- TASK INSTRUCTIONS
Give back all the data exactly, line by line.

Records contained in a dataset:
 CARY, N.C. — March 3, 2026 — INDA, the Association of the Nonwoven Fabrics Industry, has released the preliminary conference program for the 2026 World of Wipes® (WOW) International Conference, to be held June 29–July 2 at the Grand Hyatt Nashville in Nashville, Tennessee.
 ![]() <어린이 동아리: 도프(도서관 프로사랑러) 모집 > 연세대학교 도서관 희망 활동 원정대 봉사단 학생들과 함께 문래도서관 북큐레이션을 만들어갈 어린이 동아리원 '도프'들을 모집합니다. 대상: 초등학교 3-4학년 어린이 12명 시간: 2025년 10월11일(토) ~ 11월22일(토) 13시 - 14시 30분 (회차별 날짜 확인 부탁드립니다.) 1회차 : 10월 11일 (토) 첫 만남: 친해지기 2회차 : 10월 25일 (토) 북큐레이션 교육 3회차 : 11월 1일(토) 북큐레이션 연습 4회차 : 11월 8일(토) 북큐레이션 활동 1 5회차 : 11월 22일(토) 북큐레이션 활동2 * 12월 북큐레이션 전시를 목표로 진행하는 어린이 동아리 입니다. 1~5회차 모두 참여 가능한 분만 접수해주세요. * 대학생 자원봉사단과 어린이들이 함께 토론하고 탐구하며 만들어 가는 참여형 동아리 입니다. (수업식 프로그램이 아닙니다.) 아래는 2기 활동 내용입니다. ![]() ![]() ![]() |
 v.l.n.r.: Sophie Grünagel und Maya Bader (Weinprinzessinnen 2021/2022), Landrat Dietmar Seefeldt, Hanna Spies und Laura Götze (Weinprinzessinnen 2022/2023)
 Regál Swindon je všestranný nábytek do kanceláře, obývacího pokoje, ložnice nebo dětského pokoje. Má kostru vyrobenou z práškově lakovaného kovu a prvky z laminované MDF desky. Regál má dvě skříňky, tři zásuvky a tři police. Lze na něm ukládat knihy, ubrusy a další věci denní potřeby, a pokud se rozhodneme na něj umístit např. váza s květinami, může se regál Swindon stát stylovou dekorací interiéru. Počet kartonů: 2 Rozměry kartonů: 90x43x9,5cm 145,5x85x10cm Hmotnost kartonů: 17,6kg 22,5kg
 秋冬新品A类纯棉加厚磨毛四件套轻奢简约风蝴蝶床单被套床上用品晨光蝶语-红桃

- SOLUTION TO THIS PROBLEM
 CARY, N.C. — March 3, 2026 — INDA, the Association of the Nonwoven Fabrics Industry, has released the preliminary conference program for the 2026 World of Wipes® (WOW) International Conference, to be held June 29–July 2 at the Grand Hyatt Nashville in Nashville, Tennessee.
 ![]() <어린이 동아리: 도프(도서관 프로사랑러) 모집 > 연세대학교 도서관 희망 활동 원정대 봉사단 학생들과 함께 문래도서관 북큐레이션을 만들어갈 어린이 동아리원 '도프'들을 모집합니다. 대상: 초등학교 3-4학년 어린이 12명 시간: 2025년 10월11일(토) ~ 11월22일(토) 13시 - 14시 30분 (회차별 날짜 확인 부탁드립니다.) 1회차 : 10월 11일 (토) 첫 만남: 친해지기 2회차 : 10월 25일 (토) 북큐레이션 교육 3회차 : 11월 1일(토) 북큐레이션 연습 4회차 : 11월 8일(토) 북큐레이션 활동 1 5회차 : 11월 22일(토) 북큐레이션 활동2 * 12월 북큐레이션 전시를 목표로 진행하는 어린이 동아리 입니다. 1~5회차 모두 참여 가능한 분만 접수해주세요. * 대학생 자원봉사단과 어린이들이 함께 토론하고 탐구하며 만들어 가는 참여형 동아리 입니다. (수업식 프로그램이 아닙니다.) 아래는 2기 활동 내용입니다. ![]() ![]() ![]() |
 v.l.n.r.: Sophie Grünagel und Maya Bader (Weinprinzessinnen 2021/2022), Landrat Dietmar Seefeldt, Hanna Spies und Laura Götze (Weinprinzessinnen 2022/2023)
 Regál Swindon je všestranný nábytek do kanceláře, obývacího pokoje, ložnice nebo dětského pokoje. Má kostru vyrobenou z práškově lakovaného kovu a prvky z laminované MDF desky. Regál má dvě skříňky, tři zásuvky a tři police. Lze na něm ukládat knihy, ubrusy a další věci denní potřeby, a pokud se rozhodneme na něj umístit např. váza s květinami, může se regál Swindon stát stylovou dekorací interiéru. Počet kartonů: 2 Rozměry kartonů: 90x43x9,5cm 145,5x85x10cm Hmotnost kartonů: 17,6kg 22,5kg
 秋冬新品A类纯棉加厚磨毛四件套轻奢简约风蝴蝶床单被套床上用品晨光蝶语-红桃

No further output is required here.